Les sorties, les campements, permettent aux enseignants de passer inaperçus : ils emmènent leur joyeuse troupe à Taizé chez Roger Schutz (Frère Roger) et à Cormatin dans la propriété du général Armand Huyghé de Mahenge. Nous en reparlerons prochainement mais les deux hommes sont engagés et il est évident que, sous couvert de scoutisme, La Zim en profitait pour traiter aussi d’autres affaires plus importantes. Repéré, Roger Schutz repartira en Suisse et le général Huyghé de Mahenge sera déporté à Buchenwald en 1943. Il ne reviendra pas.

Vers la libération

Le 6 juin 1944, branle-bas de combat à La Prat’s. Les plus âgés quittent l’internat pour combattre. « Le 6 juin, avec mon groupe de résistants de La Prat’s, nous allions, sous les ordres du Lieutenant Schmitt, faire partie de ceux qui firent de Cluny la première ville libérée de Saône-et-Loire », se souviendra André Martin.

Albert Schmitt prendra le commandement d’un groupe de maquisards installé au col du Loup protégeant le nord de Cluny. Dans la nuit du 10 au 11 août (bataille de Cluny), rentrant d’une réunion au P.C. du Commandant L. Bazot, il a emmené la moitié du groupe en reconnaissance dans le secteur de Bourgvilain. Laissant ses compagnons derrière lui, il a tenté une reconnaissance. Les Allemands postés près de l’église l’ont aperçu, arrêté et tué. Au combat de Cluny, la compagnie formée par les anciens du groupe du Loup prendra le nom de Compagnie Schmitt.

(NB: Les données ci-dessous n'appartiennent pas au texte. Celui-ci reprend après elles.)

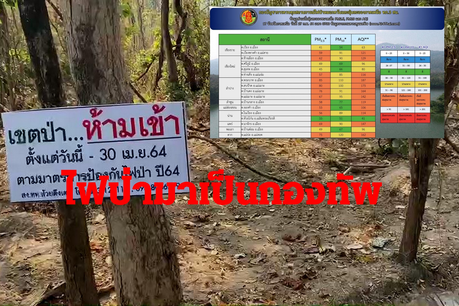 เชียงใหม่-สถานการณ์ไฟป่า17จังหวัดภาคเหนือน่าเป็นห่วง กองทัพภาคที่ 3 เผยค่าคุณภาพอากาศ AQI อยู่ระหว่าง 41 – 187 มคก./ลบ.ม.
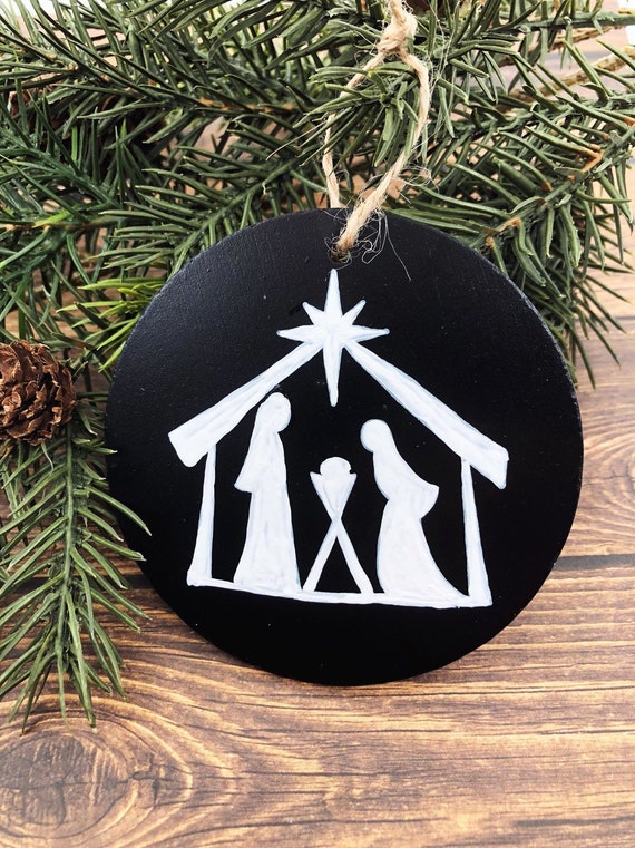 Adorno de belén de silueta en blanco y negro, adorno de Navidad de ...

Bourgvilain : stèle Albert Schmitt.

Marta Baumgartner n’apprendra le décès de son fiancé qu’en décembre 1944.

Marta Baumgartner, 3 oct. 2015 à La Prat’s. © Léa Aujal.


[1] Poujol, Jacques. Protestants dans la France en guerre 1939-1945. Paris : Les éditions de Paris Max Chaleil, 2000, 301 p., p. 265. Branche regroupant la tranche d’âge des jeunes de 17 à 25 ans.

[2] Riondet, Xavier. « Les origines des Cahiers pédagogiques en 1945 », Les Sciences de l’éducation – Pour l’Ère nouvelle, vol. vol. 46, no. 3, 2013, pp. 113-136.

[3] Le chef du clan « interfédéral » de 1940 à 1942 était Paul Degrange, responsable en Saône et Loire des Amitiés Scouts et guides ; l’effectif du clan était de 10 routiers, 5 S.D.F. et 5 E.D.F.

[4] Témoignage de Jean Livrozet in : Une jeunesse engagée: documents et témoignages sur le scoutisme laïque pendant la guerre 1939-1945. Association des anciens éclaireurs et éclaireuses (France)- Accent du Sud Éd., 2003 – 191 pages

[5] Il finira sa carrière comme directeur du collège technique de St Nazaire (1951) puis au lycée technique d’Epinal.

[6] Éclaireur Unioniste, association d’origine protestante.

[7] http://www.histoire-du-scoutisme-laique.fr/la-periode-la-guerre-39-45/20-jean-esteve-les-edf-pendant-la-seconde-guerre-mondiale.html

[8] Voir l’article sur le lycée Lamartine « Avoir 16 ans en 1941 ».